Quickstart
How do I install Areev?
Install the Python package with pip, or build the Docker image for a containerized deployment.
The areev Python package includes PyO3 bindings to the Rust engine, so you get native performance with a Python API. This is the fastest path to working with Areev as a context database for AI agents. For Rust-native builds with fine-grained feature control, use cargo install areev instead.
The Docker image bundles the dev build profile by default — FTS, HTTP, gRPC, MCP, A2A, app UI, document import, CAL, chat, hooks, vector search, auth, and rerank. Both approaches give you the same AI memory engine underneath.
pip install areev
# Build Docker image locally (no public registry)
docker build -f Dockerfile.dev -t areev:dev .
cargo install areev
How do I create a database?
Create a database directory with a compliance policy using areev create on the CLI or areev.create() in Python.
Areev stores all grains in a local directory. When you specify a policy like gdpr, the context database automatically enforces encryption-at-rest, consent tracking, 2-year TTL defaults, PII detection, and a hash-chained audit trail. The policy is sealed into the database at creation time and governs every subsequent operation.
You can combine multiple policies (e.g., gdpr + hipaa) for workloads that span regulatory jurisdictions. The 8 available presets are: gdpr, ccpa, hipaa, lgpd, pipl, sox, ephemeral, and permissive.
areev create --policy gdpr
import areev
db = areev.create("./areev-data", policies=["gdpr"])
How do I add a grain?
Add a Belief grain by providing subject, relation, and object fields. Areev serializes it to .mg format, encrypts it, indexes it, and appends an audit event.

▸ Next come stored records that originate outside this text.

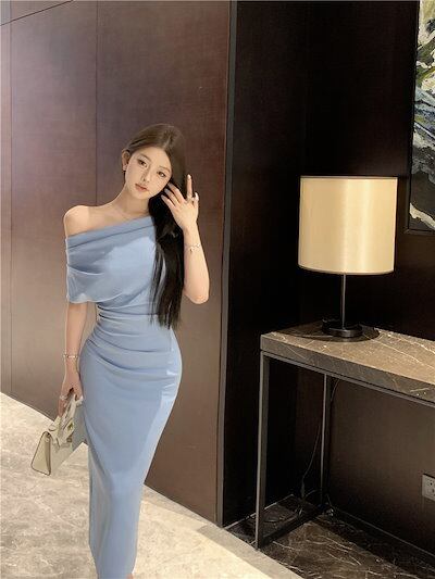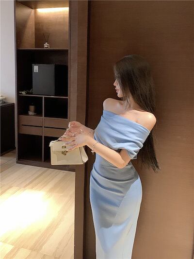 2024 春夏 ロングワンピース ロング丈 ワンピース 長袖 ファッション フィット カジュアル パーティー きれいめ ハイ ハーフリブフレンチスタイルアップ 色っぽ 女っぽ カジュアル大人
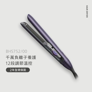【迎春煥新限搶組】飛利浦溫控護色水潤直捲兩用負離子美髮造型器-迷霧紫(BHS752/00)
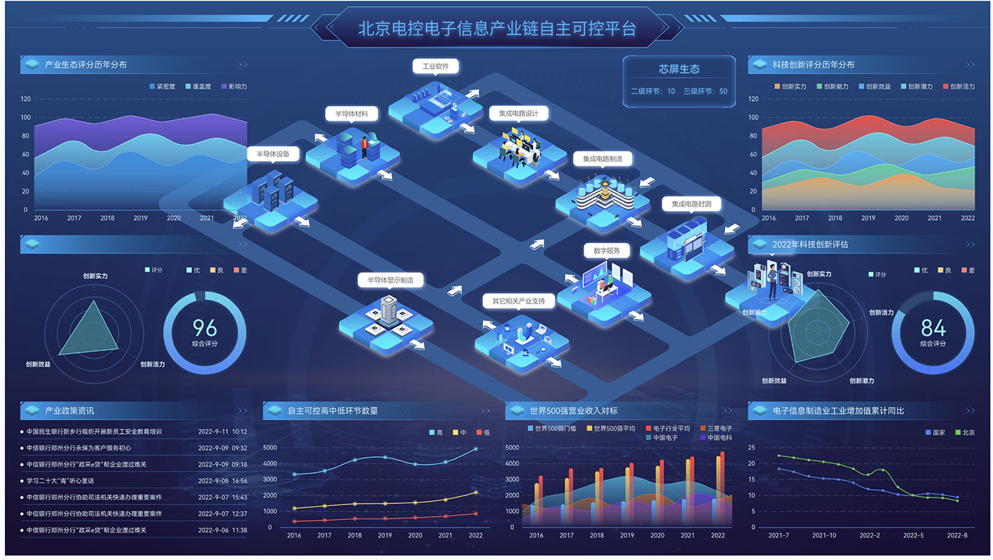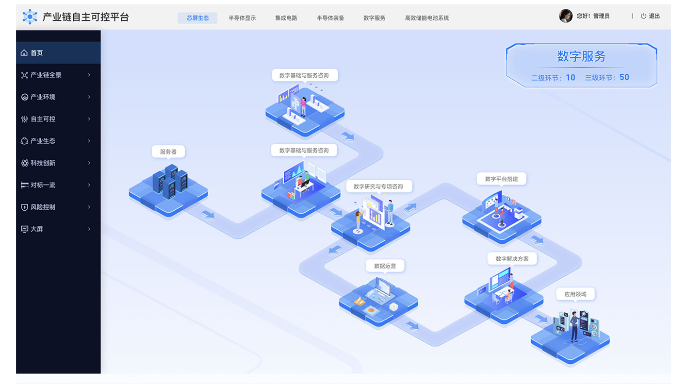 項(xiàng)目背景:產(chǎn)業(yè)鏈自主可控平臺(tái)是指一個(gè)集成了多方參與者的平臺(tái),旨在實(shí)現(xiàn)對(duì)整個(gè)產(chǎn)業(yè)鏈的自主控制和管理。該平臺(tái)通過(guò)整合各個(gè)環(huán)節(jié)的資源、技術(shù)和信息,以實(shí)現(xiàn)產(chǎn)業(yè)鏈的協(xié)同發(fā)展和自主創(chuàng)新。過(guò)建立產(chǎn)業(yè)鏈自主可控平臺(tái),可以促進(jìn)各參與者間的協(xié)同合作,加強(qiáng)產(chǎn)業(yè)鏈的自主控制能力,提高整體競(jìng)爭(zhēng)力和創(chuàng)新能力,實(shí)現(xiàn)更加可持續(xù)和穩(wěn)定的發(fā)展。蘭亭妙微團(tuán)隊(duì)首先設(shè)計(jì)了一套高度定制化的動(dòng)態(tài)數(shù)據(jù)可視化儀表板。
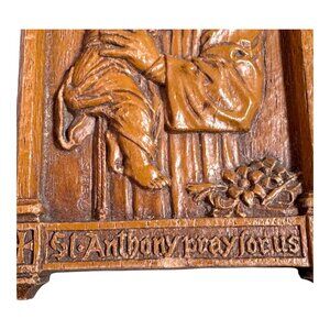 Vintage St. Anthony Pray For Us Religious Wall Plaque Brown Wooden Barwood Mini
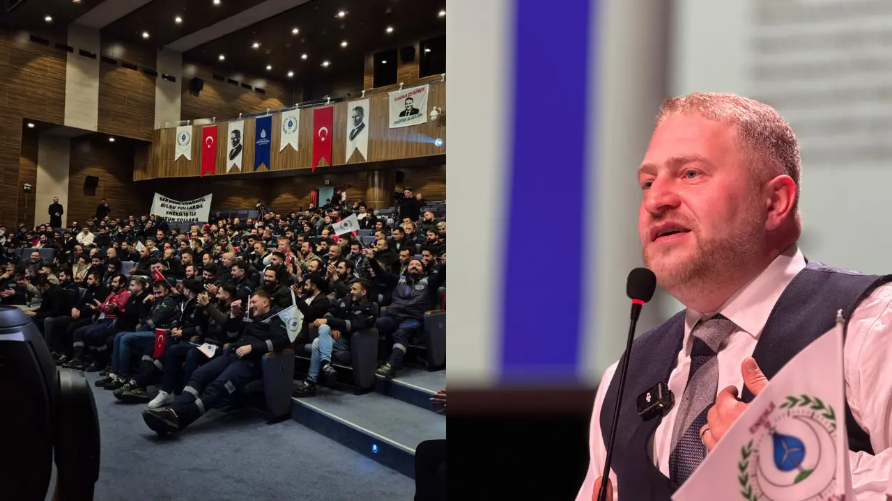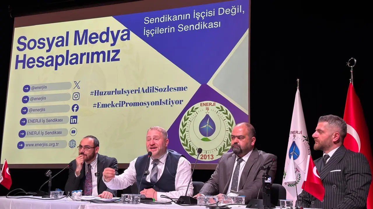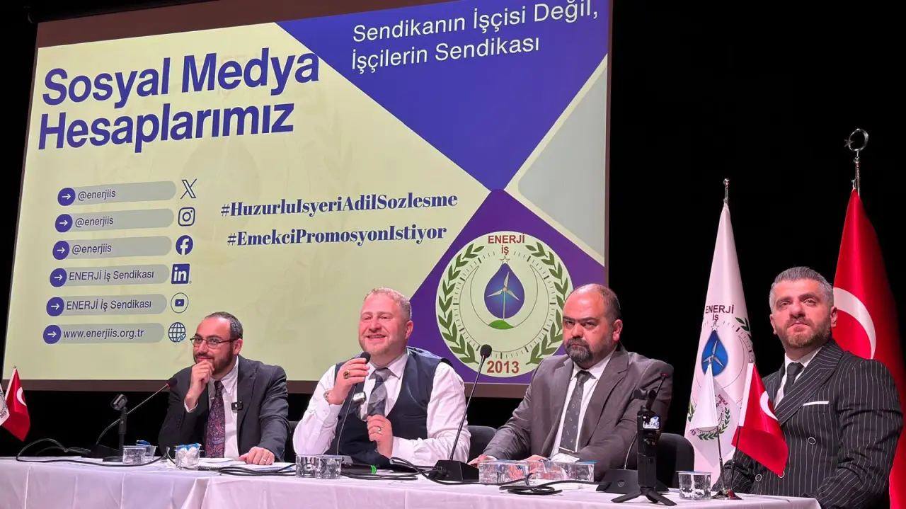 Program öncesi sahneye pankartlarla çıkan işçiler, telefon ışıkları ve sloganlarla salonu adeta bir bayram yerine çevirdi. İşçiler, sahadaki zorlukları ve taleplerini yansıtan; “İşçiye zulme son!”, “Voltaj yüksek maaş düşük, sistemde kaçak var!”, “Beraber yürüdük biz bu yollarda, Enerji İş ile uzun yollara” ve “Gece gündüz arıza bakım, tek istediğim geçim hakkım” yazılı pankartlarla sahneye çıkarak kararlılıklarını gösterdiler.
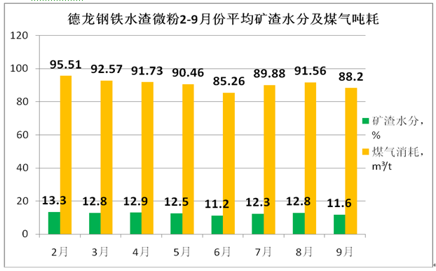 入磨礦渣水分波動直接影響加熱爐煤氣耗量,水分過大(≥13%),需要提高磨機入口溫度(即加熱爐出口溫度),使磨機主電機和選粉機電流升高,磨內(nèi)壓差增大,外循環(huán)料量加大,加大磨機磨損和能耗。水分偏低(<9%)不利于磨內(nèi)形成穩(wěn)定的料層,磨機振動值偏高。
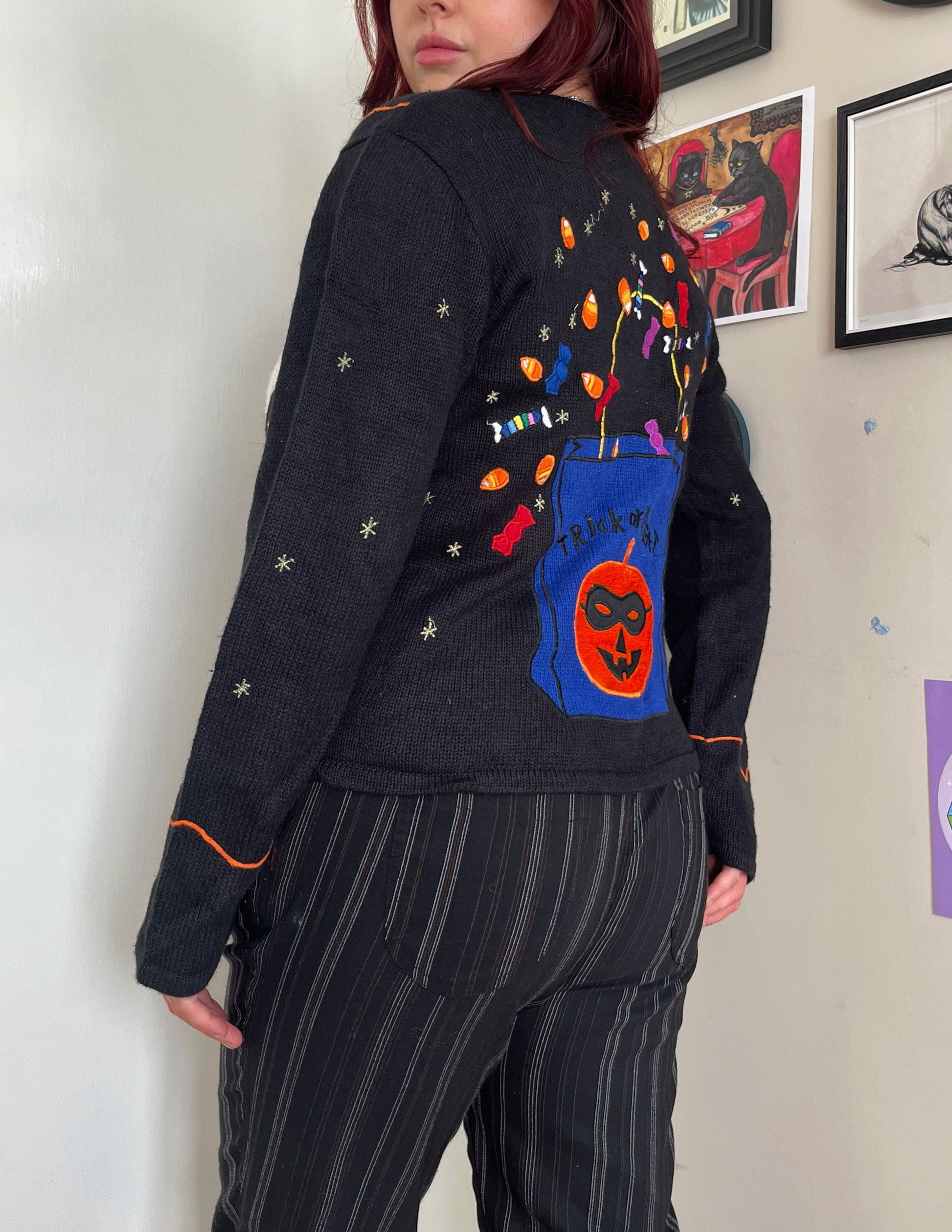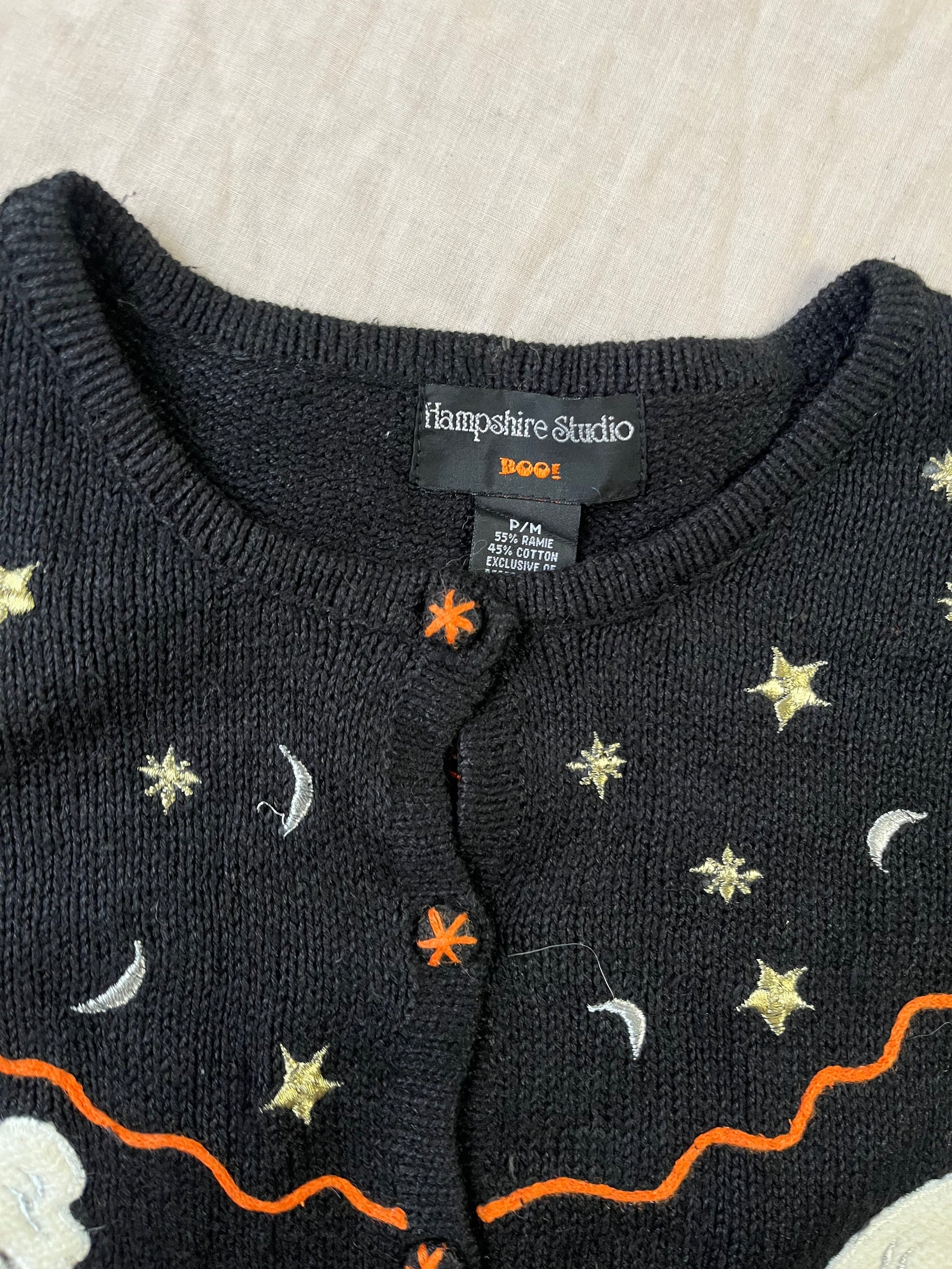 1990s Halloween button up front cardigan! Has a design of ghosts, sweets, moons, stars, pumpkins and more on it! Labelled M.
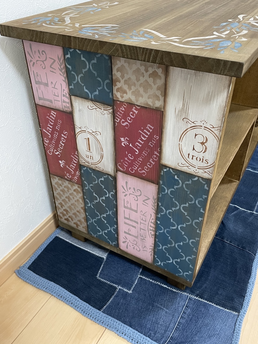 投稿を表示木製DIYの塗装アレンジのパッチワーク❣️
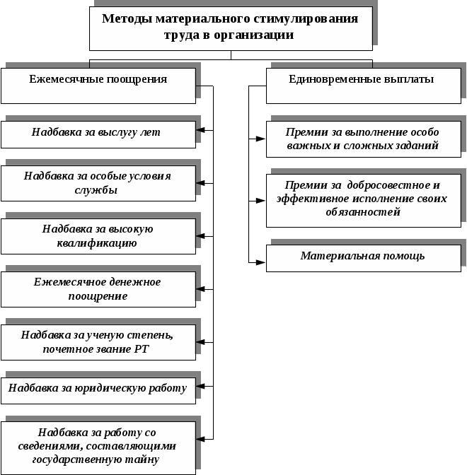 Материальное поощрение. Сюда относятся стимулы в материально – вещественной форме: заработная плата и тарифные ставки, вознаграждение за результаты, приме из дохода и прибыли, компенсации, путевки, кредиты и ссуды и т.д.
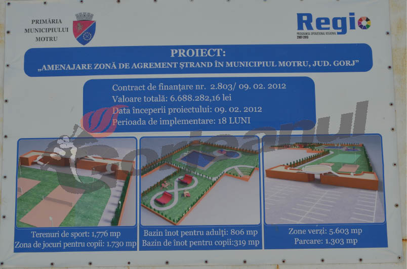 DSC_0017Primăria Motru intenţionează să pună în funcţiune la mijlocul lunii august Complexul de Agrement realizat în municipiu. Conferinţa de prezentare a rezultatelor proiectului “Amenajarea unei zone de agrement «Ştrand» în Municipiul Motru” a avut loc joi, în sala de şedinţe a primăriei. “Proiect finanţat în cadrul Programului Operaţional Regional (POR). Este un proiect al cărui obiective specifice ale domeniului de intervenţie sunt de măsură să ducă la valorificarea resurselor naturale locale în scop turistic şi crearea şi diversificarea activităţilor turistice în zonă precum şi crearea şi extinderea structurilor de agrement.
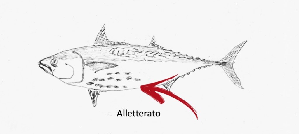 Il tonno alletterato è forse quello piu semplice da individuare, presenta delle vistose macchie nere sulla pancia chiara che ne fanno un facile carattere distintivo. Le macchie possono essere due o tre o molte di più dipende dalle dimensioni e dalla zona di cattura ma comunque risultano facili da vedere.
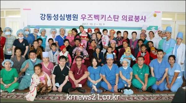 강동성심병원은 2016년부터 매년 우즈베키스탄 의료봉사를 다니며 구순구개열 환아를 치료해 왔으며, 현재까지 총 450여명을 치료한 것으로 알려져 있다.
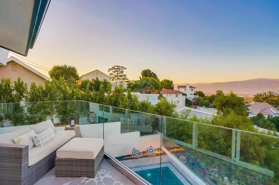 With high-end amenities like voice-controlled lighting and music plus a private backyard with a heated pool and spa, this luxury rental allows you to live like the Hollywood elite. Glass walls open up the home to the beautiful outdoor areas, complete with an expansive patio, pool, spa, and stunning views of the canyon, mountains, and city.

Belief grains are the most common AI agent memory type — they represent structured knowledge as semantic triples. The /add endpoint and db.add("belief", ...) method index all three fields in the hexastore, enabling graph traversal and triple-pattern queries. Areev computes a SHA-256 content hash that serves as the grain’s permanent address.
The add operation is atomic: Areev writes the encrypted .mg blob, updates the BM25 full-text index, inserts six hexastore permutation entries, and logs an AuditEvent::GrainCreated — all in a single Fjall batch.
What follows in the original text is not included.